The new install requires Node.js on PATH; a globalWarn explains the
swap when it happens. All other host/version combinations are
unchanged. The targetPkgName is also threaded through getToolDirPath,
the `pnpm add` command, and the linkExePlatformBinary guard so the
new install lives under the correct tool directory and the
@pnpm/exe-specific platform-binary linking is skipped for the JS path.
* feat(self-update): point users at the migration guide across major bumps
When `pnpm self-update <version>` crosses a pnpm major (upward) from
the version being upgraded from, print a one-line pointer to the
versioned migration guide on pnpm.io.
The "from" version is the project's `packageManager` pin when present
(via the existing `managePackageManagerVersions` gate), falling back
to the running binary's version otherwise. No-op updates
(target === previous) are silent.
v11 points at https://pnpm.io/11.x/migration. Future majors register
an entry in the in-file `MAJOR_UPGRADE_HINTS` table.
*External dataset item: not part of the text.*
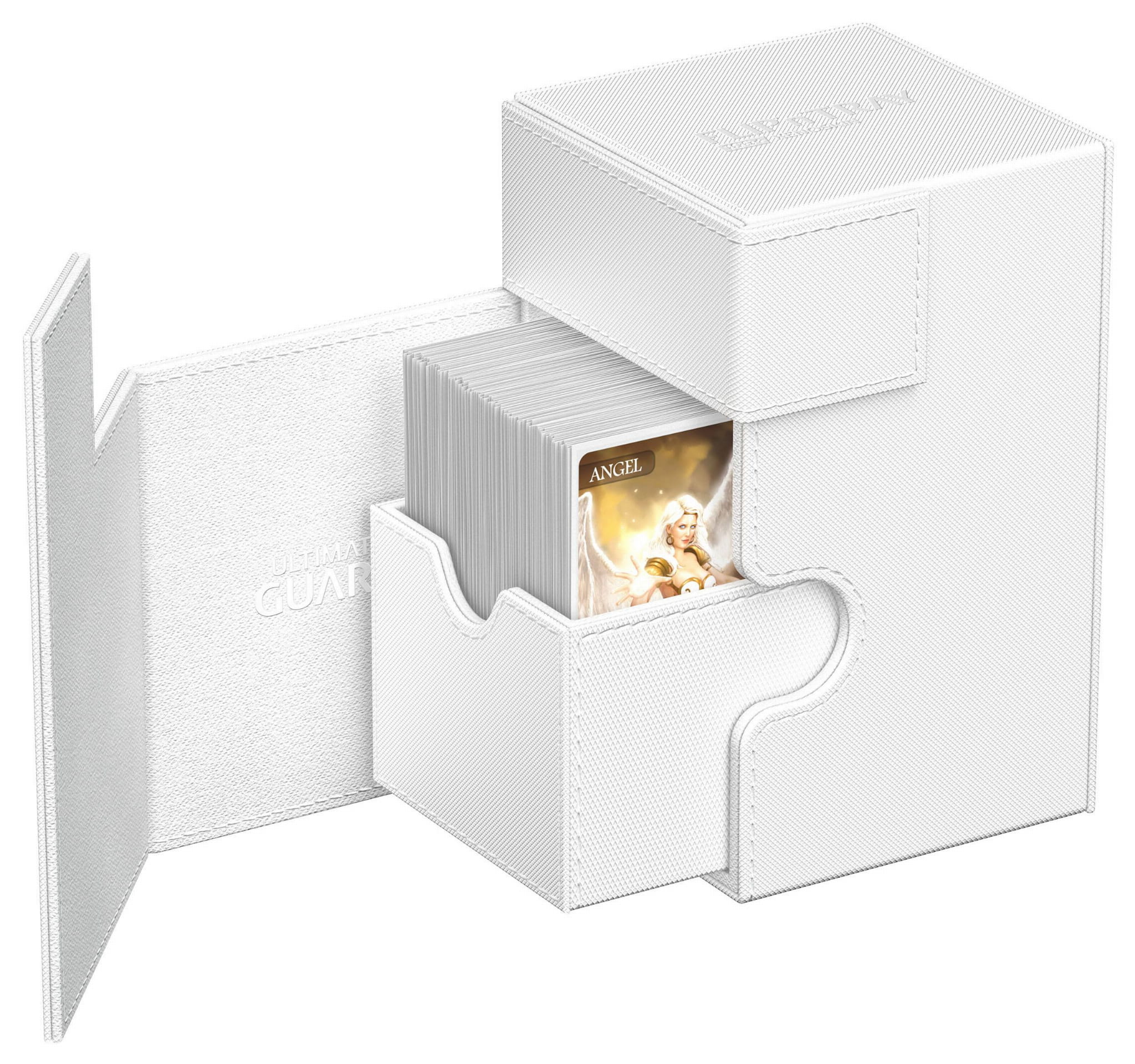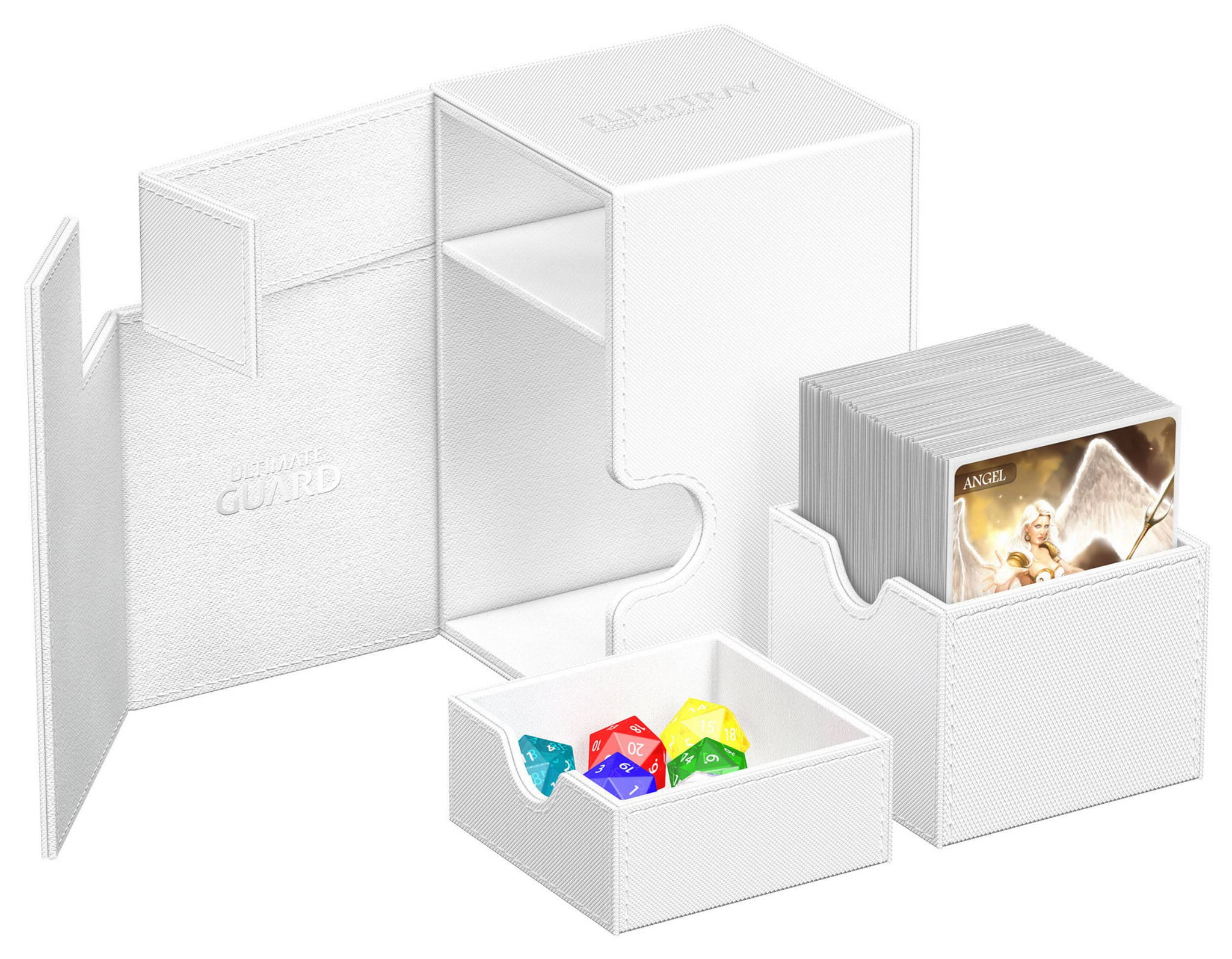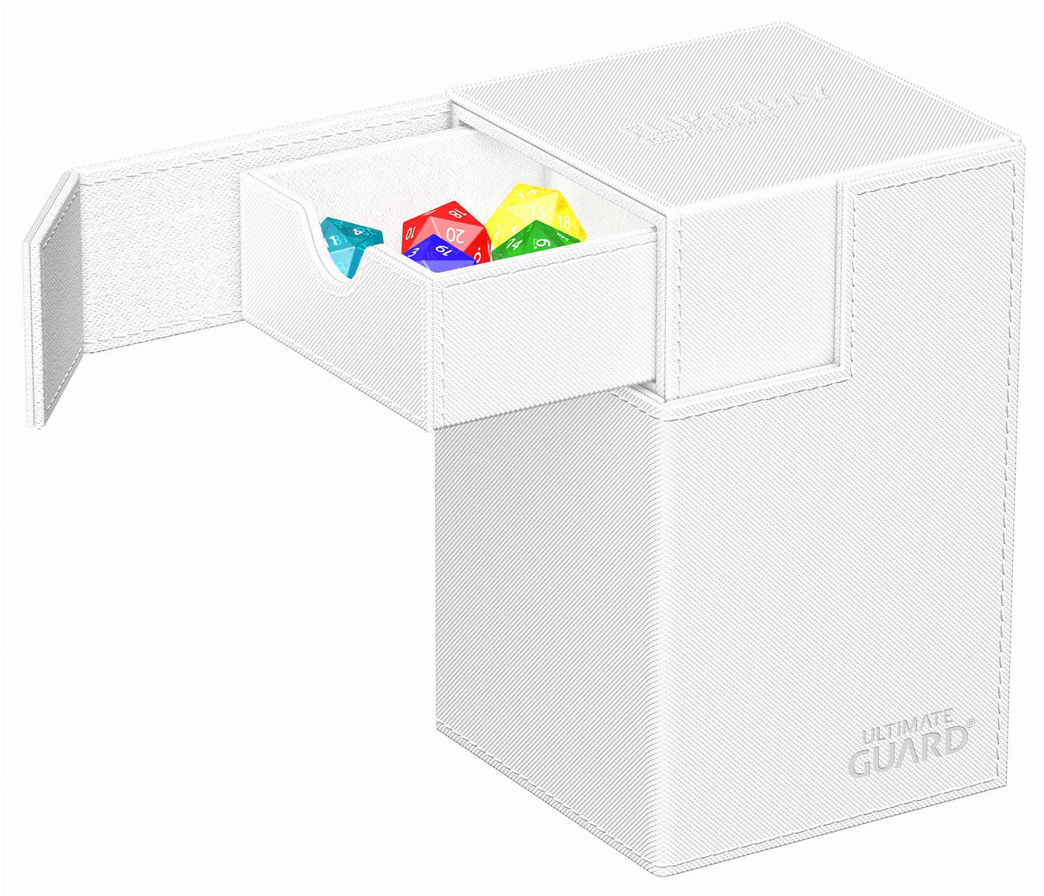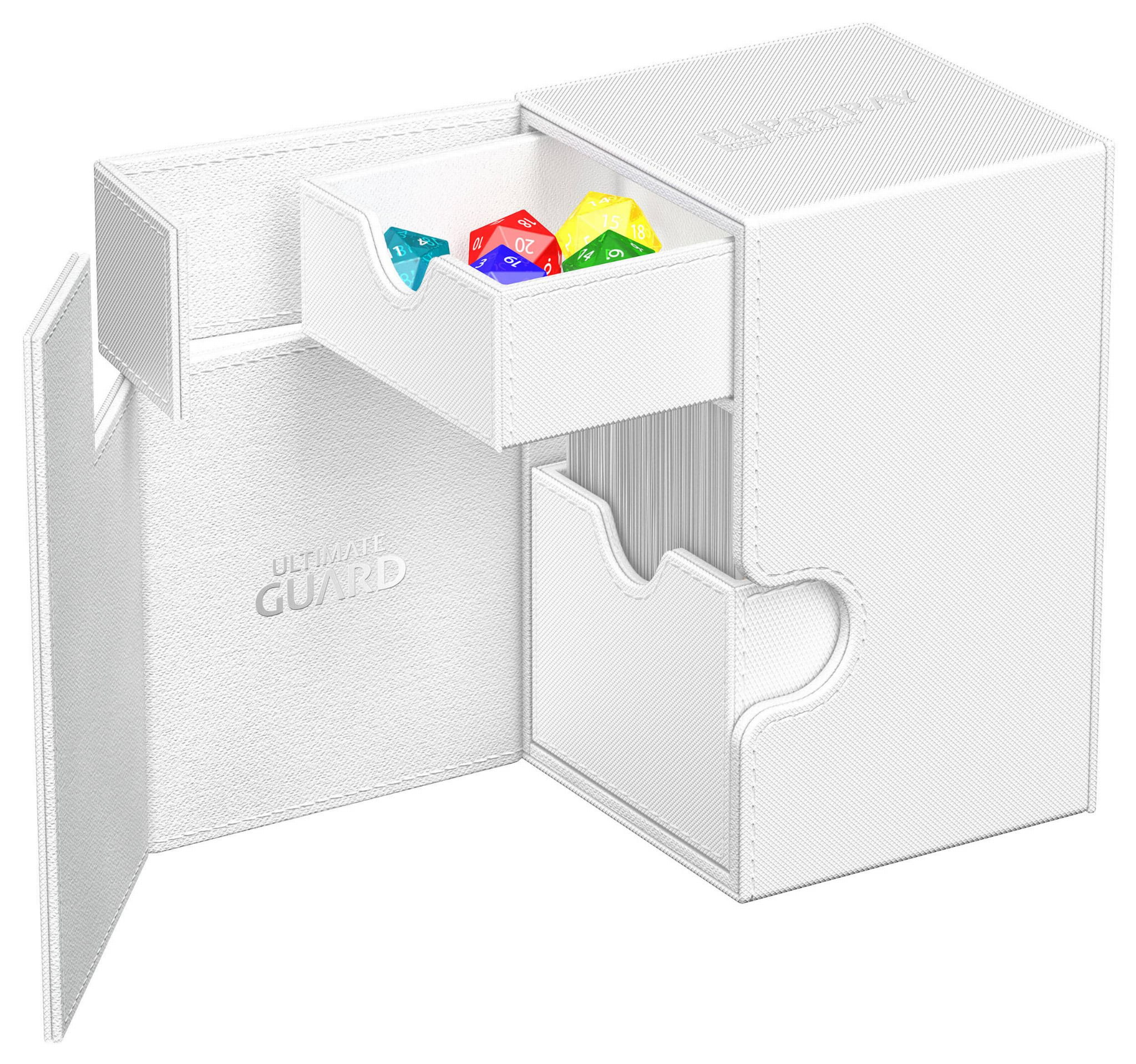 The quintessential Ultimate Guard deck box: a timeless monocolored design with strong magnetic closure, card and dice trays for safe storage of your deck, and a resistant but smooth Xenoskin surface. Looking for additional safety? With room for 100 double-sleeved or 120 single-sleeved cards in standard size, the Flip'n'Tray 100+ has it all.
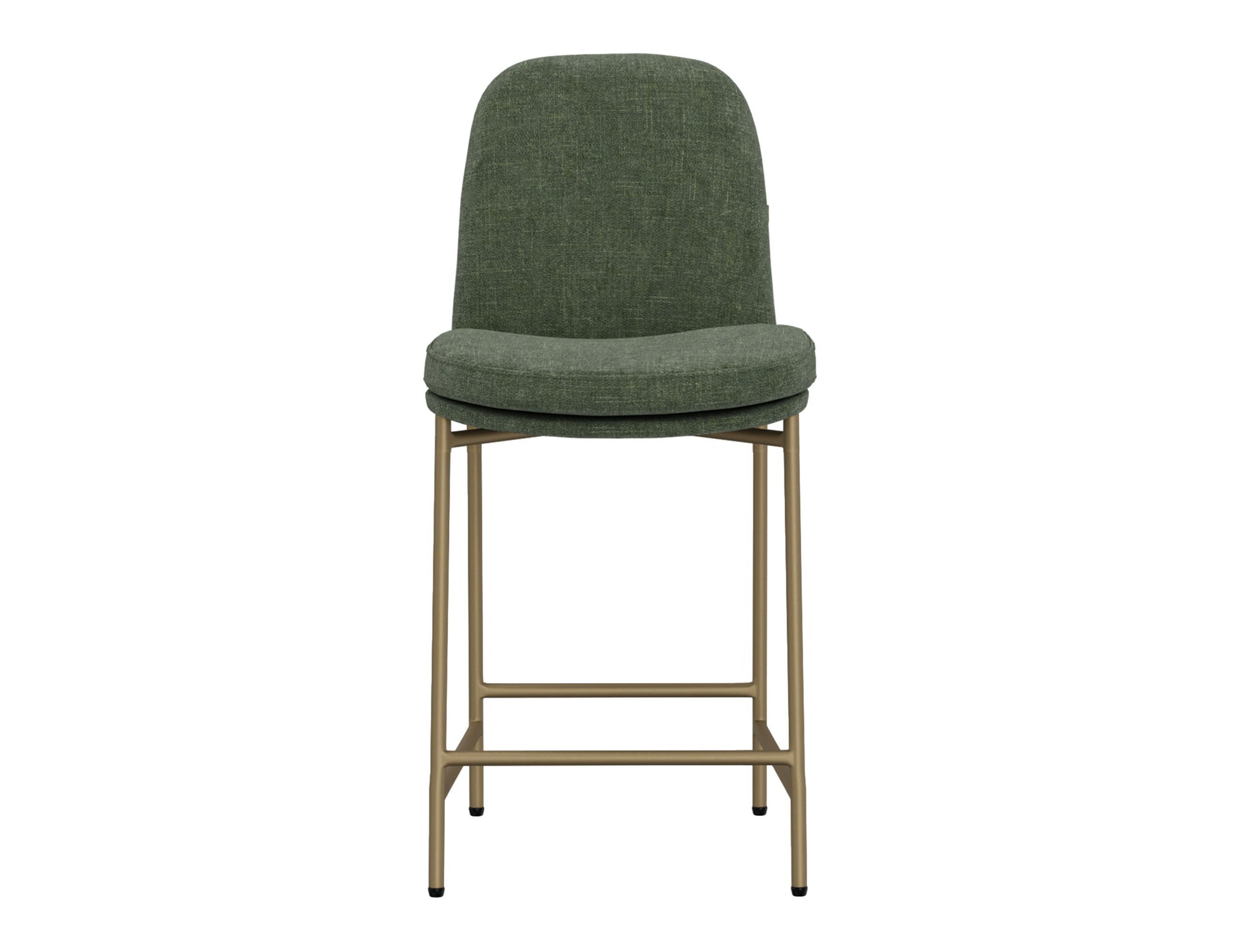 Seating - 24" Upholstered Barstool, Wooden Frame & Metal Base - Olive Green

This is the v10-line backport of the corresponding main-branch change
in #11354.
* fix: update lockfile
* fix: prevent fork-bomb during packageManager-driven version switching
When pnpm was installed via one method (e.g. `npm install -g pnpm@A`)
and run in a project whose package.json's packageManager field selected
a different pnpm version (pnpm@B), and a pnpm-workspace.yaml existed at
the project root, the install-child spawned by `installPnpmToTools` to
fetch pnpm@B inherited a cwd under the pnpm home directory. pnpm's
workspace walk-up from there discovered the ancestor pnpm-workspace.yaml,
adopted the root package.json, and re-triggered switchCliVersion inside
the child. Because the target tool dir had not yet been symlinked in, the
recursive installPnpmToTools call saw alreadyExisted === false and kicked
off another nested install, recursing forever at 100% CPU.
Force the install-child's environment to disable its own version handling:
- `npm_config_manage_package_manager_versions=false` (v10 setting name)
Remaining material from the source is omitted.